According to the analysis of related databases, 1813-33-8, the application of this compound in the production field has become more and more popular.

Reference:
Article; Ann, Jihyae; Jung, Aeran; Kim, Mi-Yeon; Kim, Hyuk-Min; Ryu, Hyungchul; Kim, Sunjoo; Kang, Dong Wook; Hong, Sunhye; Cui, Minghua; Choi, Sun; Blumberg, Peter M.; Frank-Foltyn, Robert; Bahrenberg, Gregor; Stockhausen, Hannelore; Christoph, Thomas; Lee, Jeewoo; Bioorganic and Medicinal Chemistry; vol. 23; 21; (2015); p. 6844 – 6854;,
Nitrile – Wikipedia,
Nitriles – Chemistry LibreTexts

These common heterocyclic compound, 1813-33-8, name is 2-Chloro-4-(trifluoromethyl)benzonitrile, its traditional synthetic route has been very mature, but the traditional synthetic route has various shortcomings, such as complicated route, low yield, poor purity, etc, below Introduce a new synthetic route. Recommanded Product: 1813-33-8

General procedure: A mixture of 2-chloro-4-(trifluoromethyl)-benzonitrile (1.00 mmol) and appropriate thiol (RSH, 3.00 mmol),18-crown-6-ether (cat.) and potassium carbonate (2.00 mmol)were dissolved in acetonitrile (3 ml). The mixture was refluxedfor 12 h and then cooled to ambient temperature. The mixturewas quenched by adding water and extracted with EtOAc.Extracted organic compound was dried over MgSO4, filtered, andconcentrated in vacuo. The residue was purified by flash columnchromatography on silica gel using EtOAc/hexane (1:4) eluantcondition. (RSH = CH3CO2(CH2)2SH for 42).

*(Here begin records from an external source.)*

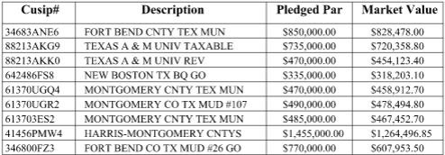 10. Approve Release of the below securities from Legend Bank County Treasurer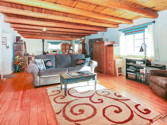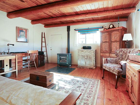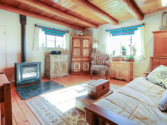 This sweet, immaculate 1BD/1BA/1400sf old adobe home is nestled on .25 of a beautiful acre. Closets throughout as well as storage and work sheds offer plenty of places to tuck things away. Plank and viga ceilings, thick adobe walls, a wood stove and two thermostat controlled gas stoves keep this gem nice and cozy in the the winter, while the shade trees and pleasant cross breeze keep it cool in the summer. Cherry, apricot and apple trees, a beautifully landscaped yard including a lawn, an irrigation ditch (with water rights), all make for the perfect spot to spend hours enjoying you own private oasis that is just minutes from town.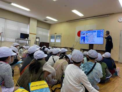 消防署の方から、消防車の紹介や消防署の仕組み、火事が実際に起こったらどのようにお知らせが来て、出動するのか、何台消防車は出動するのかなど、具体的なことをたくさん教えていただきました。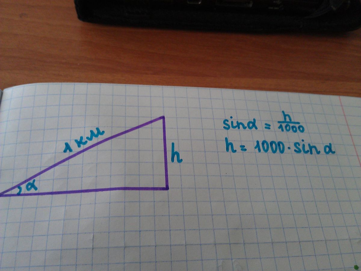 найти высоту(h) на которую поднялся пешеход прошедший 1км по прямой дороге, поднимающийся под углом альфа к горизонту.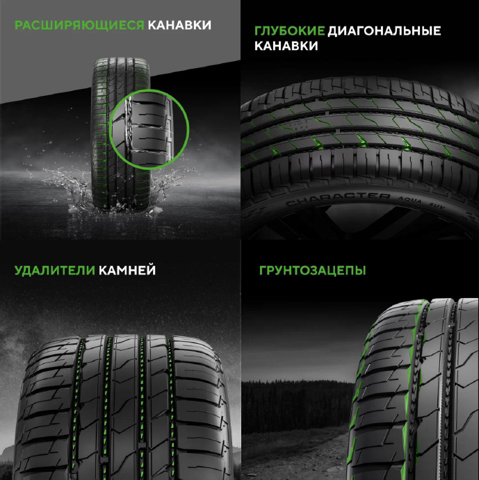 Ikon Character Aqua SUV — надежные и универсальные летние шины для широких условий эксплуатации: город, трасса, плохие дороги и легкое бездорожье. Обеспечивают контроль и комфортное управление при любой погоде.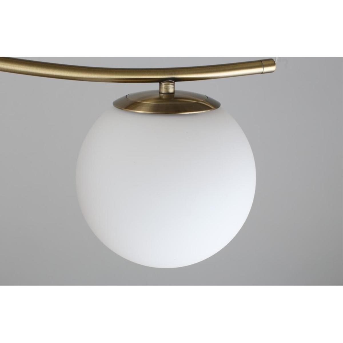 Подвесная люстра Omnilux Acciano OML-94903-05 создаёт ясный, спокойный свет и мягко собирает пространство вокруг стола. Белые шарообразные плафоны из стекла дают ровное свечение без бликов, а тёплая бронза металлической арматуры добавляет интерьеру тактильной глубины. Линейная композиция длиной 780 мм и шириной 150 мм аккуратно отделяет обеденную или рабочую зону на кухне, высота 900 мм поддерживает ощущение воздушности.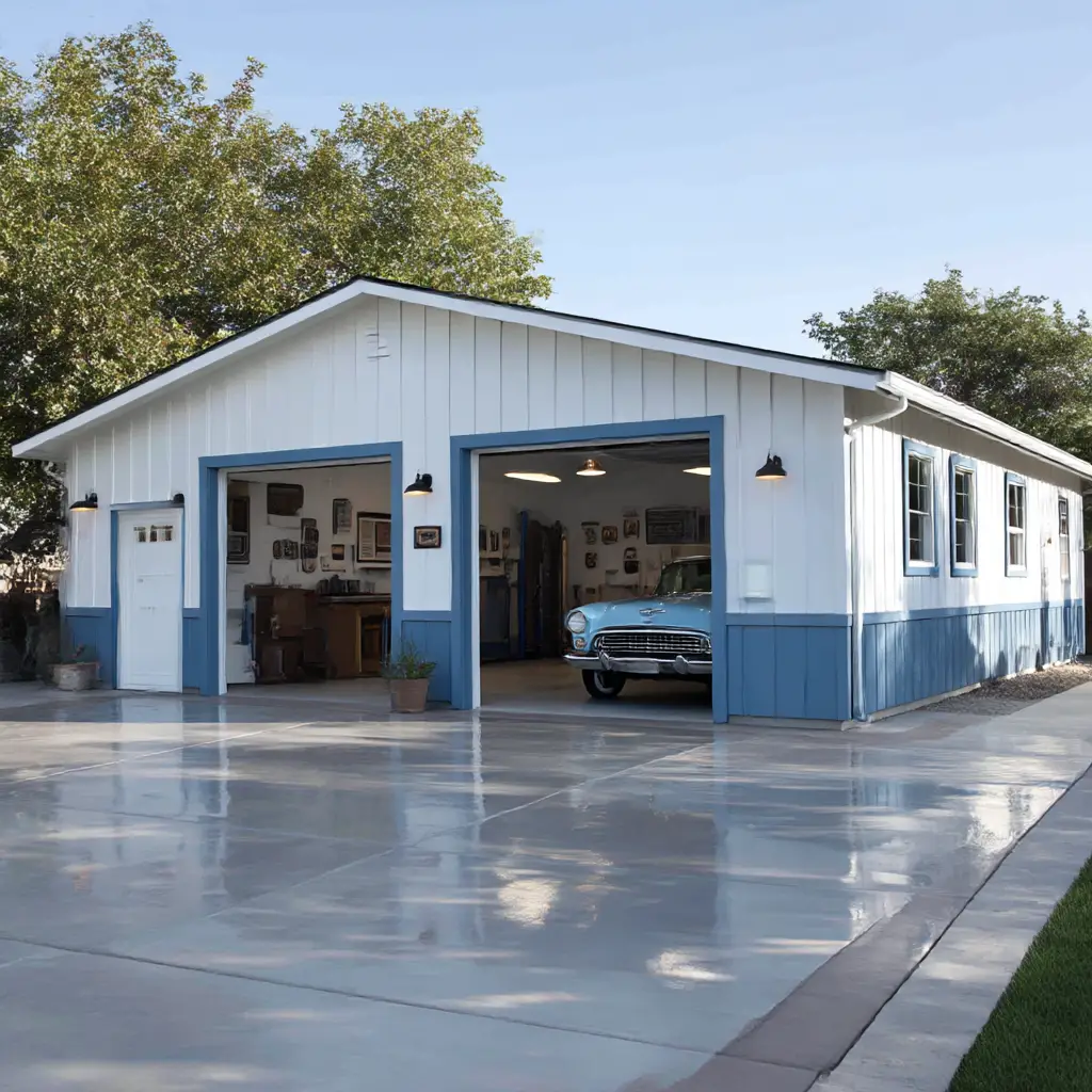 A rich blue epoxy floor adds a unique, cool-toned vibe. It feels refreshing and modern, perfect for garages that double as recreational or hobby spaces.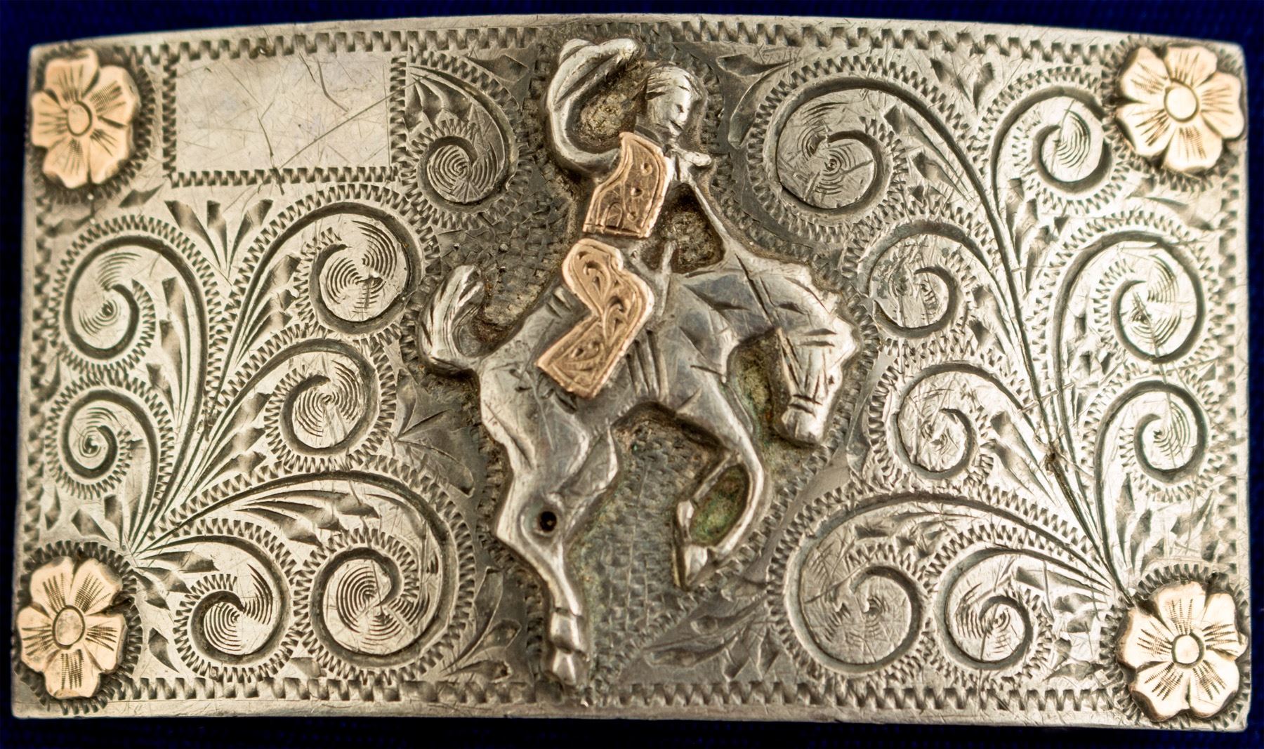 Rectangular sterling silver vintage western belt buckle. Planchette is etched with some intricate patterns, a stitched like border and light pink 10 K gold flowers in each corner. The cowboy is riding a bucking bronco. He is holding his hat up in the air. He is wearing a pair of light pink 10 K chaps and a light pink 10 K gold vest. Piece weighs: 65.4 grams. SIZE: 3" x 1.75". In excellent condition. Stamped on back of planchette: "Guaranteed sterling 10 K Mexico." State: City: HWAC#: 48229 Date: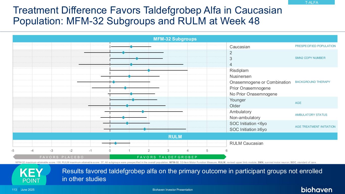 Treatment Difference Favors Taldefgrobep Alfa in Caucasian  Population: MFM-32 Subgroups and RULM at Week 48 Caucasian 2 3 4 Risdiplam Nusinersen Onasemnogene or Combination Prior Onasemnogene No Prior Onasemnogene Younger Older Ambulatory Non-ambulatory SOC Initiation <6yo SOC Initiation ≥6yo F A V O R S  T A L D E F G R O B E PF A V O R S  P L A C E B O Results favored taldefgrobep alfa on the primary outcome in participant groups not enrolled  in other studies KEY  POINT PRESPECIFIED POPULATION SMN2 COPY NUMBER BACKGROUND THERAPY AGE AMBULATORY STATUS AGE TREATMENT INITIATION RULM Caucasian -5 -4 -3 -2 -1 0 1 2 3 4 5 6 MFM-32 Subgroups RULM MFM-32 maximum attainable score: 100; RULM maximum attainable score: 37; All subgroups were prespecified in the overall population; MFM-32, 32-Item Motor Function Measure; RULM, revised upper  limb module; SMN, surviva l motor neuron; SOC, standard of care. June 2025 Biohaven Investor Presentation113 T-ALFA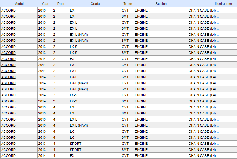 | Year | Make | Model | Body & Trim | Engine & Transmission |
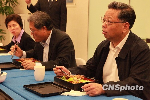 “臺灣的便當很好吃。臺灣叫便當,我們叫盒飯。”吃了一半,黃小晶省長離席,來到記者就餐的另一個小房間,特別向跟隨采訪報道的臺灣媒體朋友們表示感謝和問候,并和臺灣記者攀談起來。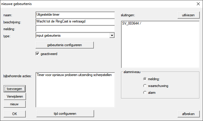 - Stel een vertraging in die een minuut langer duurt dan de maximale tijdsduur van de overdracht van de RingCast (zie Maximale duur van de overdracht in de RingCast).

The synthetic route of 2-Chloro-4-(trifluoromethyl)benzonitrile has been constantly updated, and we look forward to future research findings.

Reference:
Article; Ann, Jihyae; Jung, Aeran; Kim, Mi-Yeon; Kim, Hyuk-Min; Ryu, Hyungchul; Kim, Sunjoo; Kang, Dong Wook; Hong, Sunhye; Cui, Minghua; Choi, Sun; Blumberg, Peter M.; Frank-Foltyn, Robert; Bahrenberg, Gregor; Stockhausen, Hannelore; Christoph, Thomas; Lee, Jeewoo; Bioorganic and Medicinal Chemistry; vol. 23; 21; (2015); p. 6844 – 6854;,
Nitrile – Wikipedia,
Nitriles – Chemistry LibreTexts

Researchers who often do experiments know that organic synthesis is a process of preparing more complex target molecules from simple raw materials through one or more chemical reactions. Generally, it requires fewer steps, and cheap raw materials. 1813-33-8, name is 2-Chloro-4-(trifluoromethyl)benzonitrile, A new synthetic method of this compound is introduced below., Quality Control of 2-Chloro-4-(trifluoromethyl)benzonitrile

Dissolve 2-chloro-4-trifluoromethylbenzonitrile (405 mg, 1.97 mmol) in anhydrous toluene (7 mL) and cool in a dry ice/ethanol bath. Add diisobutylaluminum EPO hydride (DIBAL) (3.94 niL, 3.94 mmol, 1.0 M in toluene) slowly. Stir 30 min. Warm to room temperature, add acetic acid (2 mL) and water (10 rnL) and stir for 2 hours. Extract the aqueous layer with ethyl acetate twice. Wash the organic layer with potassium sodium tartrate solution (Rochelle salt) twice. Dry (magnesium sulfate), filter, and concentrate to give a residue. Chromatograph the residue on silica gel eluting with a gradient of 100:0 to 1:1 hexanes:dichloromethane to give 2-chloro-4- trifluoromethylbenzaldehyde (123 mg, 30%). 1H NMR (400 MHz, CDCl3) delta 10.52 (s, IH), 8.05 (d, IH5 J = 8.0 Hz), 7.75 (s, IH), 7.66 (d, IH, J = 8.0 Hz).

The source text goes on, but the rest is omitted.